WHAT IS EXPECTED>
Starting at the line below with "Mother cat shocked" and stopping at the line with "Colour: BlackMaterial: Premium", please print each line exactly, those two included, and skip every picture.
——
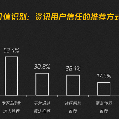 来自企鹅智库的调研,有着明确身份标识的 “媒体主编” 和 “专家&行业达人”,他们所推荐的内容,信任度已经高于算法。
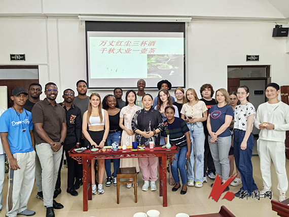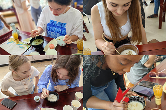 在认真观看学习了选茶、烧水、温壶、置茶到点汤、分茶等一系列茶艺流程后,同学们在专业教师的指导下纷纷动手尝试点茶。他们拿起茶筅,在茶碗中搅拌茶汤,体验着中国茶文化的独特韵味。来自俄罗斯的如雪同学说:“我很喜欢中国茶。中国茶道强调静心、修身,在制茶的过程中,我能够感受到内心的宁静和放松。”
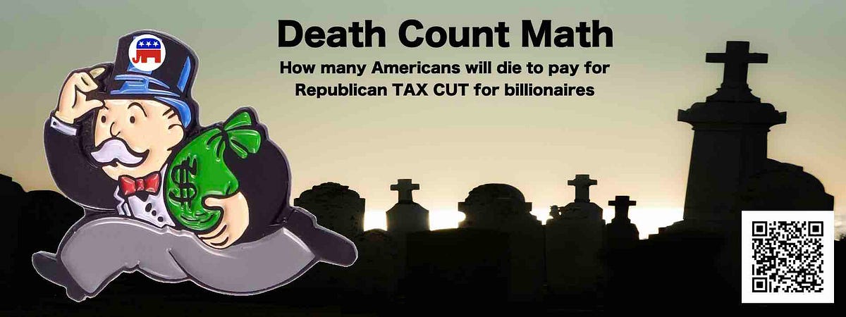 Republicans want to slash $880 billion from Medicaid in their budget. What does this mean? How many people rely on Medicaid for health insurance? How many of them are seniors or disabled? How many of them are likely to die when their Medicaid is cut? How many deaths per billionaire could there be? Where are most of the deaths likely to be? Check this infographic. Click on any item for details.
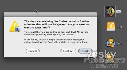 在卸载分区方面,Leopard同样也更加聪明和智能化。在过去,如果你想把台式电脑里已经过分区的硬盘中的某个卷卸载的话,Mac OS X会假定你想卸载那块硬盘上的所有分区。现在有了Leopard,你有了更多选项,是只卸载选定的卷,或者你也可以选定整块磁盘。而且,如果在卸载分区时,你一直按着Control键,它就会只卸载选定的分区,且不会弹出确认对话框。
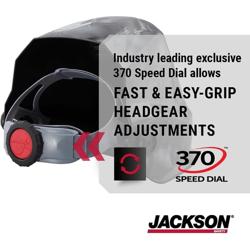 - 370 Speed Dial ratcheting headgear system for comfortable, quick fit adjustment and reduced fatigue with extended use.
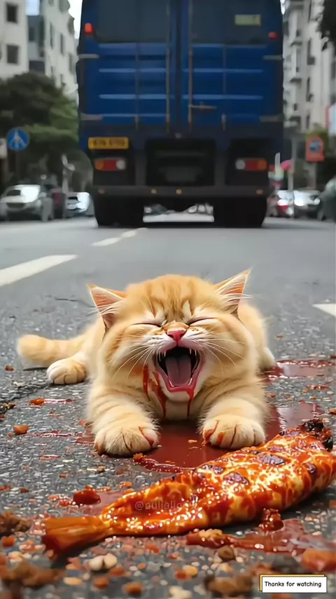 Mother cat shocked as kitten is struck by a heavy truck😿🚛#cat#ai#poorcat#aulialia69_
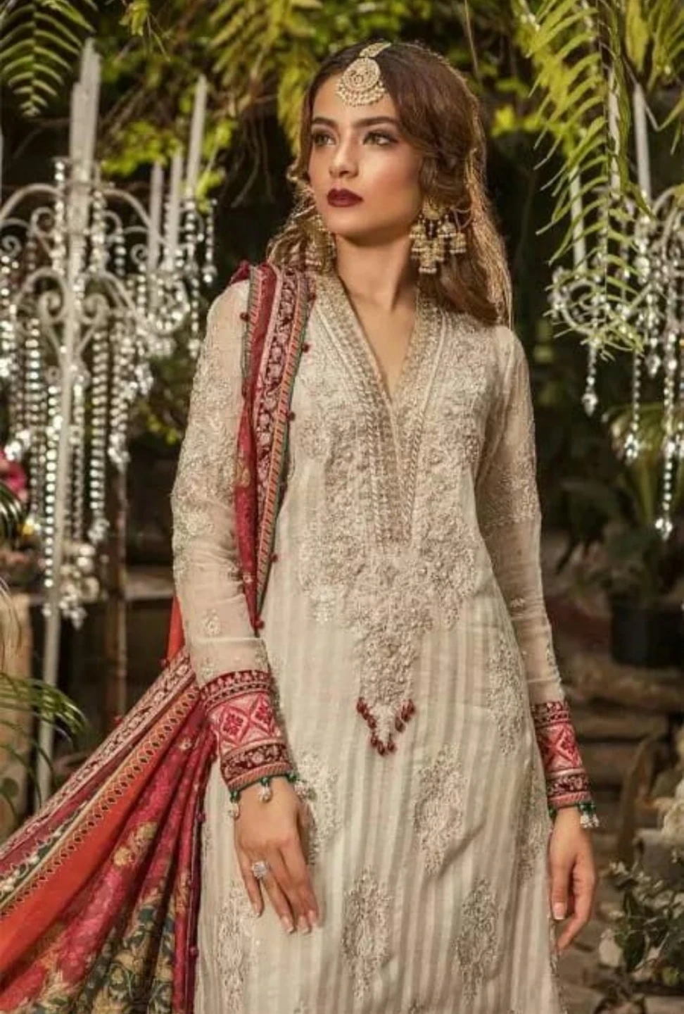 This elegant suit features intricate embroidery on the neckline and sleeves. It comes with a beautifully printed dupatta. The material is lightweight and breathable, perfect for warmer weather.
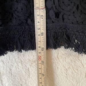 Elevate your wardrobe with this stunning Bailey 44 Tusk Woven Lace Off The Shoulder Bell Sleeve Top in classic black. The top features a relaxed fit, spaghetti straps, and a pullover closure for easy wear. The off-the-shoulder neckline and fringe accents add a touch of bohemian flair, making it perfect for any occasion from casual to formal.
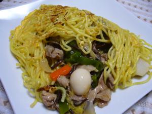 めんの中央に、八宝菜のあんをのせて、めんをほぐしながら少し広げて、まわりをあんにかぶせていく。
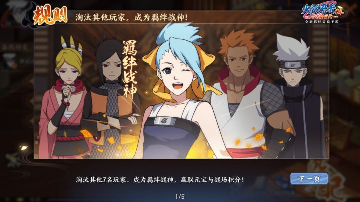 「羁绊」存在于每一位忍者之间鸣人与佐助的羁绊、第七班的羁绊等等正是因为他们彼此深深的羁绊才让火影充满了精彩的故事而在我们的游戏中羁绊也是十分重要的战力提升途径那么问题来了帅吉咋突然正经地聊起羁绊呢?各位学员坐稳了下面帅吉要爆史诗级猛料了!羁绊战场 八人混战游戏即将迎来全新的PVP玩法——羁绊战场!各位稍安勿躁莫激动,帅吉这次又是偷了资料跑出来的,先悄悄跟学员们说明一下基本规
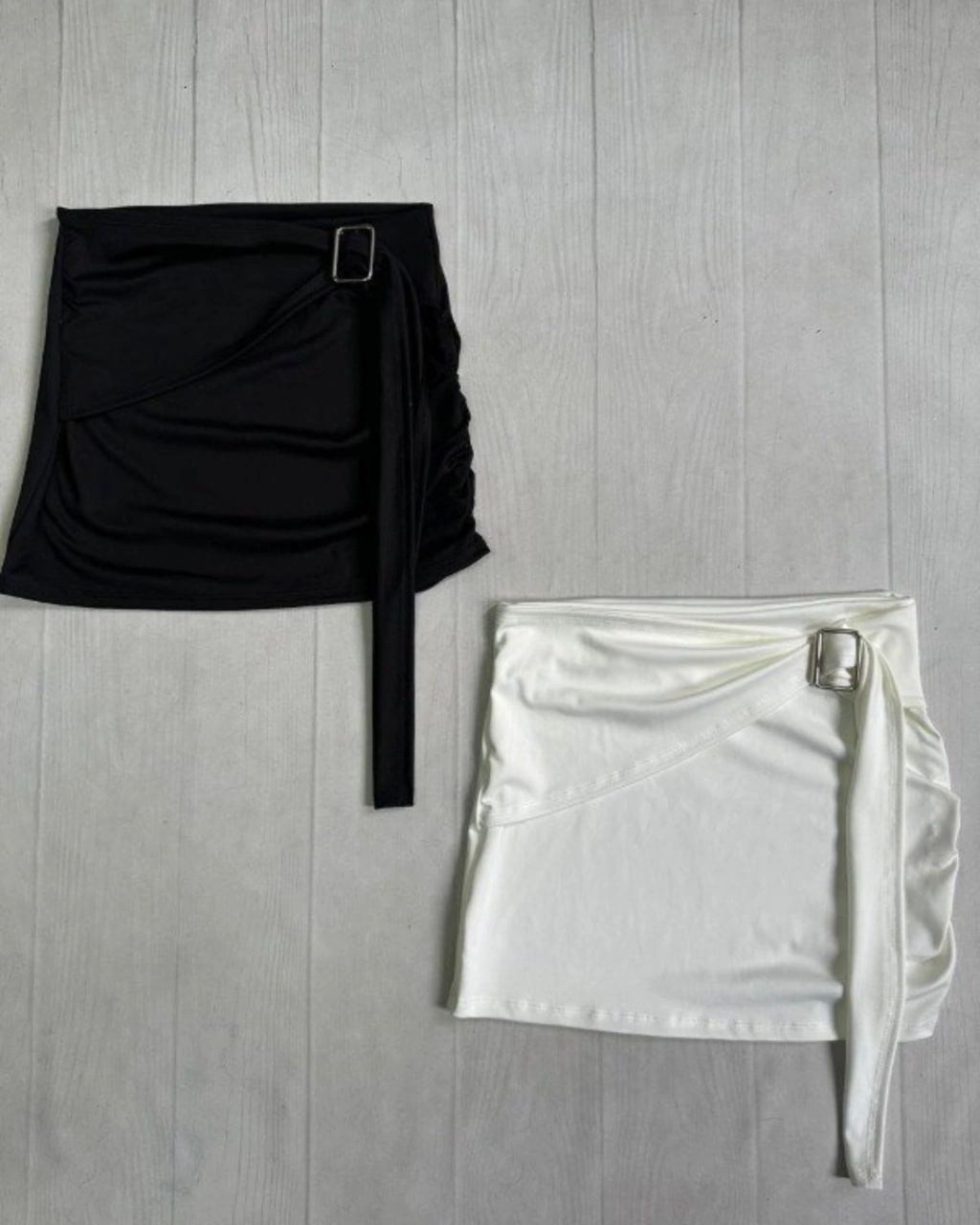 Pollera irregular hebilla cuadrada con lazo microfibra.
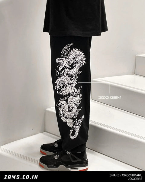 Colour: BlackMaterial: Premium 300 GSM Terry CottonOccasion: Casual, Streetwear, Anime WearPattern: Graphic Snake PrintFit: Relaxed FitNo. of Pockets: Two Side PocketsRise Style: Mid-RiseCare Instructions: Hand & Machine Wash; Do Not Iron on PrintPack Contains: 1 JoggerLength: Full LengthCountry Of Origin: India
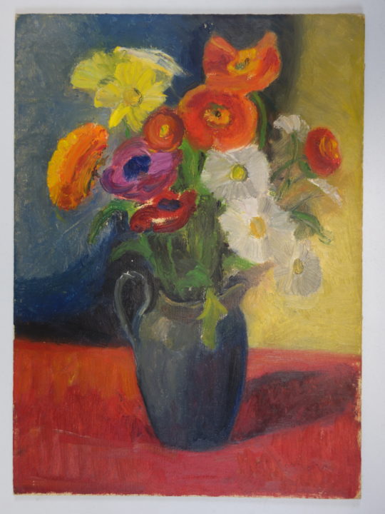 Bouquet de fleurs dans une cruche Artiste CARRARD-KOHLER Marie-Louise Numéro d'inventaire FAA-CML-3085 Titre Bouquet de fleurs dans une cruche Dimensions sur chassis 33x24 cm Technique / Support Huile, Carton Catégories Nature morte Signature / Datation "M. L. Carrard" bd Remarques - titré sur une étiquette collée au dos - "achat 4.10.2004" sur étiquette collée au dos, écriture de Jean Menthonnex Agrandir l'image Découvrez l'artiste CARRARD-KOHLER Marie-Louise Châtelard Orbe (CH) 5 septembre 1901 / 1 décembre 1981 Fonds géré par la FAA Consulter sa fiche
——
RESPONSE AREA>
 Mother cat shocked as kitten is struck by a heavy truck😿🚛#cat#ai#poorcat#aulialia69_
 This elegant suit features intricate embroidery on the neckline and sleeves. It comes with a beautifully printed dupatta. The material is lightweight and breathable, perfect for warmer weather.
 Elevate your wardrobe with this stunning Bailey 44 Tusk Woven Lace Off The Shoulder Bell Sleeve Top in classic black. The top features a relaxed fit, spaghetti straps, and a pullover closure for easy wear. The off-the-shoulder neckline and fringe accents add a touch of bohemian flair, making it perfect for any occasion from casual to formal.
 めんの中央に、八宝菜のあんをのせて、めんをほぐしながら少し広げて、まわりをあんにかぶせていく。
 「羁绊」存在于每一位忍者之间鸣人与佐助的羁绊、第七班的羁绊等等正是因为他们彼此深深的羁绊才让火影充满了精彩的故事而在我们的游戏中羁绊也是十分重要的战力提升途径那么问题来了帅吉咋突然正经地聊起羁绊呢?各位学员坐稳了下面帅吉要爆史诗级猛料了!羁绊战场 八人混战游戏即将迎来全新的PVP玩法——羁绊战场!各位稍安勿躁莫激动,帅吉这次又是偷了资料跑出来的,先悄悄跟学员们说明一下基本规
 Pollera irregular hebilla cuadrada con lazo microfibra.
 Colour: BlackMaterial: Premium 300 GSM Terry CottonOccasion: Casual, Streetwear, Anime WearPattern: Graphic Snake PrintFit: Relaxed FitNo. of Pockets: Two Side PocketsRise Style: Mid-RiseCare Instructions: Hand & Machine Wash; Do Not Iron on PrintPack Contains: 1 JoggerLength: Full LengthCountry Of Origin: India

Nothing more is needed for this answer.